Tim is correct of course. I was speaking only of what is required for our
parser to figure it out, not what is legally required by the spec. I should
have made this more apparent.
----------------------------------------
Dean Roddey
Software Weenie
IBM Center for Java Technology - Silicon Valley
[EMAIL PROTECTED]
Tim Bray <[EMAIL PROTECTED]> on 01/28/2000 11:22:57 AM
Please respond to [EMAIL PROTECTED]
To: [EMAIL PROTECTED]
cc:
Subject: Re: xml encodings, java
At 11:28 AM 1/28/00 -0700, [EMAIL PROTECTED] wrote:
>Slight correction... The BOM is required for UTF-16 only if the XMLDecl
>line (<?xml...) is not present. If the XMLDecl is present then we can
>figure it out from that (though a BOM can also still be present.)
Well, only maybe.
Section 4.3.3 says; "Entities encoded in UTF-16 must begin with the Byte
Order Mark...". But then a couple of paragraphs later, it says
In the absence of information provided by an external transport protocol
(e.g.
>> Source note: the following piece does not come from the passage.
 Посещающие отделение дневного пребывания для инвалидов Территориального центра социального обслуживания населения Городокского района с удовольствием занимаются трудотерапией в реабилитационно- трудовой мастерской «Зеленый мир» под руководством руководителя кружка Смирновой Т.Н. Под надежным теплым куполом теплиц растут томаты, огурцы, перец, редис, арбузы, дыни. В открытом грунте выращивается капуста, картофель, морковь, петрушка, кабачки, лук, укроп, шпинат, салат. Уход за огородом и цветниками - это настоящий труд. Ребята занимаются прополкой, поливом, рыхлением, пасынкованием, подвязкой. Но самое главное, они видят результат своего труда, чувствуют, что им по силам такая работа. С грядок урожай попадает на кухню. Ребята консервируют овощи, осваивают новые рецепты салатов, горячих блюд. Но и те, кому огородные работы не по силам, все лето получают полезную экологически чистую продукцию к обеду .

HTTP or MIME), it is an error for an entity including an encoding
declaration to be presented to the XML processor in an encoding other than
that named in the declaration, for an encoding declaration to occur
other than at the beginning of an external entity, or for an entity which
begins with neither a Byte Order Mark nor an encoding declaration to use
an encoding other than UTF-8.
So you could decide that this says that if you have an external signal,
you could omit the BOM. And some purists over in the IETF who generally
disapprove of the BOM and think that receiving software should just shut
up and rely on transmitting software to tell it what the encoding is have
tried to use this loophole.
The following is the bottom line:
1. Encodings are tricky; this is the one area where it's a good thing
for XML software to be forgiving and if it can be sure it's got the
right encoding, it should try hard to proceed even if this means
bypassing erroneous declarations or forgiving omitted BOMs.
2. It is always a good idea to prefix a UTF-16 entity with a BOM.
3. It is always a bad idea to store or transmit UTF-16 without a BOM.
-Tim